Text: "{output[:1000]}"'
}],
)
verdict = response.content[0].text.strip()
return {"passed": "SAFE" in verdict}
NVIDIA NeMo Guardrails
NeMo Guardrails is an open-source toolkit for adding programmable guardrails to LLM applications.
# NeMo Guardrails configuration
# config.yml
"""
models:
- type: main
engine: anthropic
model: claude-sonnet-4-20250514
rails:
input:
flows:
- check jailbreak
- check input toxicity
- check topic allowed
output:
flows:
- check output toxicity
- check hallucination
- check pii in output
"""
# Colang rails definition (rails.co)
"""
define user ask about allowed topics
"What is your vacation policy?"
"How do I submit an expense report?"
"What are the working hours?"
define user ask about off topic
"What's the weather like?"
"Tell me a joke"
"Who won the game?"
define flow check topic allowed
user ask about off topic
bot inform topic not supported
stop
define bot inform topic not supported
"I can only help with company policy and HR questions.
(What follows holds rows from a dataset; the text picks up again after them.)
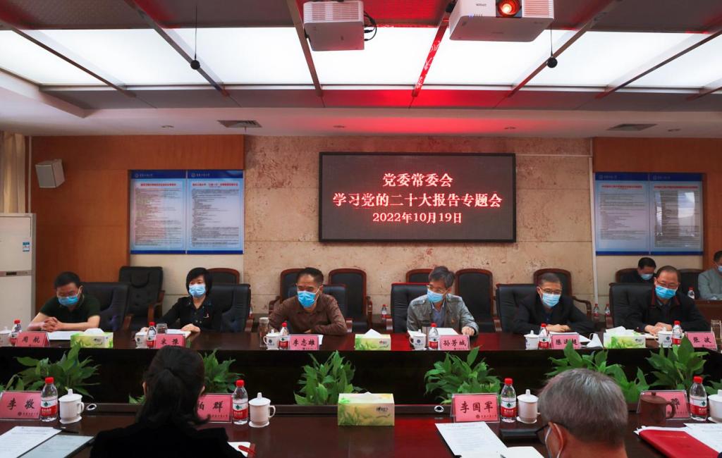 按照学校学习宣传贯彻党的二十大精神工作安排。10月19日上午,学校党委常委会召开学习习近平总书记在中国共产党第二十次全国代表大会上的报告精神专题会。会议由党委书记李志雄主持。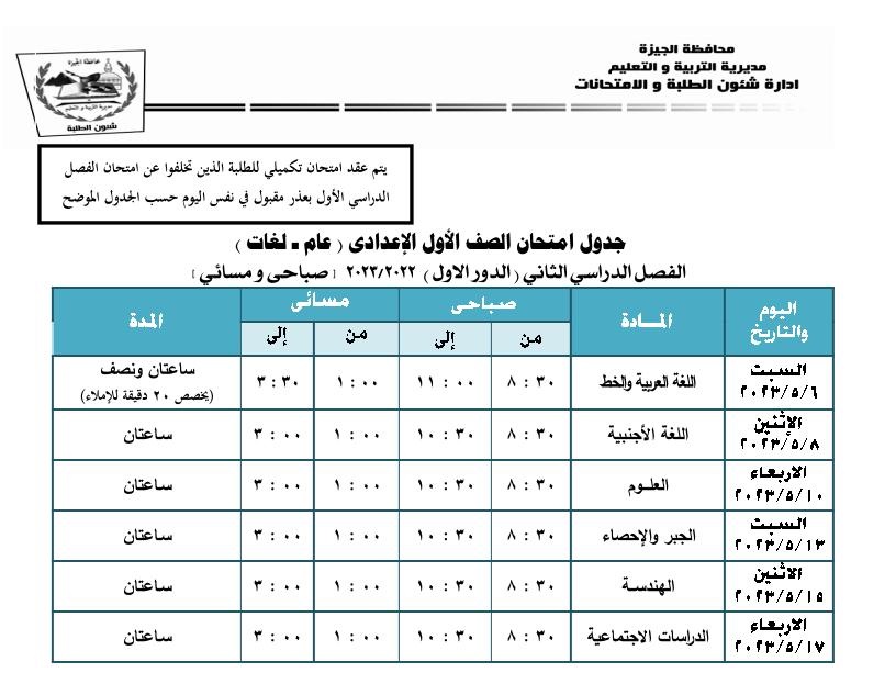 ننشر جدول امتحانات أولى إعدادي الترم الثاني 2023 بالجيزة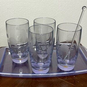 Starbucks Bubble Glass Pitcher Drink Set 4 Glasses Stirrer Tray Rare Collectible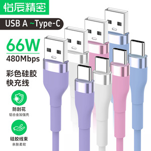 66WシリコンTYPE-Cデータケーブルは、Xiaomi、Apple、Samsung、Huaweiの携帯電話に適した急速充電ケーブル、USB充電ケーブルです。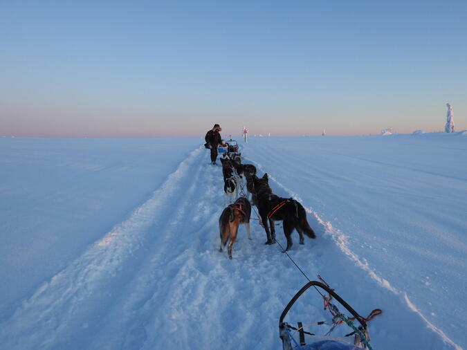 Här har vi stannat för att ge hundarna ett litet mellanmål. Då dom springer långt behöver dom lite vätska och mat liksom vi.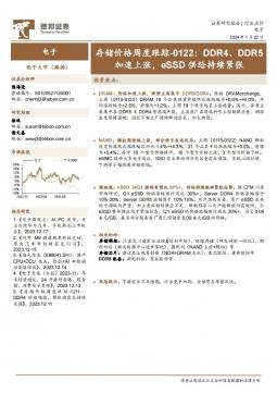 [电子]2024-01-23-德邦证券-电子:存储价格周度跟踪-0122:DDR4、DDR5加速上涨,eSSD供给持续紧张-3页(银创产业通www.chanyetong.net)(银创产业通www.chanyetong.net)

Please ask about our policies, benefits, or procedures."
"""
# Using NeMo Guardrails in code
from nemoguardrails import RailsConfig, LLMRails
config = RailsConfig.from_path("./config")
rails = LLMRails(config)
# All inputs and outputs are automatically validated
response = await rails.generate(
messages=[{"role": "user", "content": "What is the vacation policy?"}]
)
print(response)
Guardrail Implementation Checklist
- Input validation: Length limits, PII detection, prompt injection detection, topic filtering
- Output validation: Hallucination check, toxicity filter, PII leak prevention, format validation
- Rate limiting: Per-user and per-session rate limits to prevent abuse
- Logging: Log all guardrail triggers for monitoring and improvement
- Graceful failures: When a guardrail triggers, return a helpful message, not an error
- Regular updates: Prompt injection techniques evolve — update detection patterns regularly
Summary
Guardrails are non-negotiable for production AI applications. Implement input validation (prompt injection, PII, topic boundaries), output validation (hallucination, toxicity, PII leaks), and operational controls (rate limiting, logging). Start with rule-based checks for speed, add LLM-based checks for nuance, and consider NeMo Guardrails for comprehensive, declarative safety policies.